Cerebras/DoE NETL 2023

Real-time simulation of the real world can offer scientists a way to make predictions based on scenarios as they unfold. This can be advantageous when dealing with extreme weather scenarios such as those associated with global warming.

AI computing pioneer Cerebras and the US Department of Energy’s National Energy Technology Laboratory on Tuesday announced an acceleration of scientific equations that they say could enable real-time simulation of ‘extreme weather conditions.

“This is a real-time simulation of how liquids of different volumes behave in a dynamic environment,” said Andrew Feldman, CEO of Cerebras.

“In real time or faster, you can predict the future,” said Feldman. “From the starting point, the actual phenomenon unfolds more slowly than your simulation, and you can go back and make adjustments.”

This type of simulation, a digital twin of real-world conditions, essentially allows for a “closed loop” that allows you to manipulate reality, Feldman said.
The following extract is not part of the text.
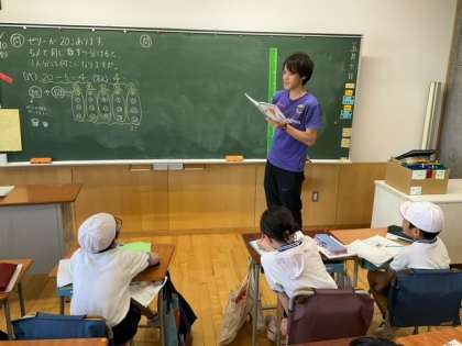 算数の時間です。「ゼリーが20こあります。5人で同じ数ずつ分けると、1人分は何こになりますか。」

In prepared remarks, Dr. Brian J. Anderson, Laboratory Manager at NETL: “We are excited about the potential of this real-time simulation of natural convection as we can really speed up and improve dramatic the design process for some large projects that are essential for the mitigation of climate change and the possibility of a secure energy future of are critical – projects such as carbon capture and the production of blue hydrogen.”

Anderson added, “On a traditional supercomputer, this workload is hundreds of times slower, eliminating the possibility of real-time rates or extremely high resolution streams.”

Also: “We can solve this problem in a time that no number of GPUs or CPUs can match,” says startup Cerebras at the supercomputing conference

In a video created by the researchers, streams of hot and cold liquids flow up and down like an alien landscape.

Cerebras has made a name for itself with exotic hardware and software for large artificial intelligence training programs. However, the company has expanded its repertoire by focusing on challenging fundamental research problems that are computationally intensive and potentially unrelated to AI.

In the field of Computational Fluid Dynamics, the Cerebras machine, called CS-2, is able to simulate what is known as Rayleigh-Bénard convection, a phenomenon that occurs when a liquid is heated from below and cooled from above.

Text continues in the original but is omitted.